Book No. 4: Love's Forever Changes by Andrew Hultkrans (33 1/3)
Book No. 5: Elvis Costello's Armed Forces by Franklin Bruno (33 1/3)

In preparing myself to start working on my book, I thought it best to read a few more 33 1/3 titles, and these two, which I'd been wanting to read, seemed the most promising choices. I read Forever Changes back around the end of January/early February and Armed Forces through the middle of February, so my impressions are a bit duller than they were when I had just finished the books.

Hultkrans's book is much more enjoyable than Barney Hoskins's Arthur Lee book, which I read last year, although he uses Hoskins as a source. Hultkrans is mainly concerned with the voice of Forever Changes, a voice he calls prophetic in the Old Testament sense. I'm a little distanced from my initial impressions now, but I have a new, greater appreciation for the lyrics of the album, which I had already thought fantastic. "Live and Let Live," in particular, sounds even more like the end of the world, and maybe it is.

Bruno's book doesn't seem to have a central thesis about the album, but is full of fascinating little details and detours (rather like Bruno's music, I think) and similarly heightened my appreciation for an album already near the top of my personal pantheon. One of my brother music geeks described this one as the greatest 33 1/3 book thus far. I don't think I'm willing to go that far, but it's certainly a damn sight better than the one on The Piper At The Gates Of Dawn, and definitely in my top rung.


sfp 12:19 AM, March 29, 2006  

Which one would you argue is better than Armed Forces? (Besides, of course, the upcoming Shoot Out the Lights.)

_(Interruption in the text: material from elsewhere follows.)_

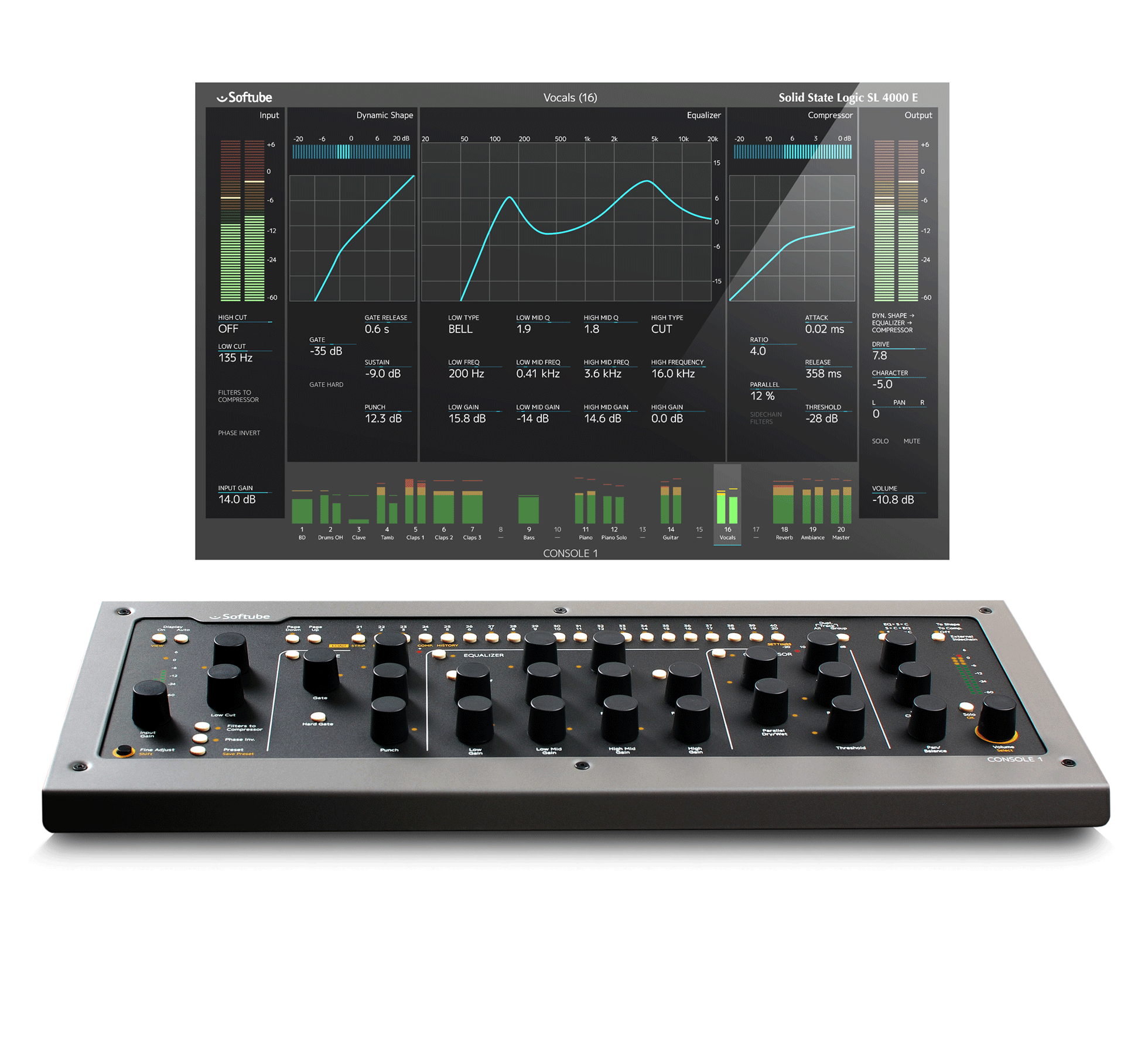 Helli raitojasi legendaarisen Solid State Logic SL 4000 E -mikserin soundilla – onhan kyseessä se kenties kaikkien aikojen käytetyin mikserimalli musiikin äänittämisen historiassa. Softuben emulaatio kehitettiin läheisessäyhteistyössä SSL:n kanssa ja se toimitetaan Console 1 -ohjaimen mukana.

Going through the ones I've read: Meat Is Murder I'm on the fence about: it's nicely written, but not really what I'm looking for from the series; Piper at the Gates of Dawn, Village Green Preservation Society, and VU & Nico are really nothing more than MOJO features writ large--competently written and informative but not really telling me anything I didn't know before; Aqualung is more of the same, but I give it points for (1) moderately hardcore musical analysis, and (2) arguing forcefully for something so uncanonical; Sign 'o' the Times is an engaging, breezily written and integrates the personal recollections with the criticism better than anything I've mentioned so far; and Live at the Apollo is wonderful: it pulls together a whole lot of nuts-and-bolts factual material which I was unfamiliar with, and does a great job of evoking James Brown in all his multifariousness, and tying it all together with the Cuban Missile Crisis is a genius move--it's the only other book in the series at Armed Forces' level.

Hayden Childs 2:13 PM, March 29, 2006  

I haven't read Aqualung, Sign O' The Times, or Live at the Apollo.

I'd put both In The Aeroplane Over The Sea and Forever Changes slightly ahead of Armed Forces, though. All three have arguments that alter the way I hear those albums, but, well, maybe it's just my personal affinity for the former two albums over EC's, but they both seemed to hang together as a whole better than Armed Forces.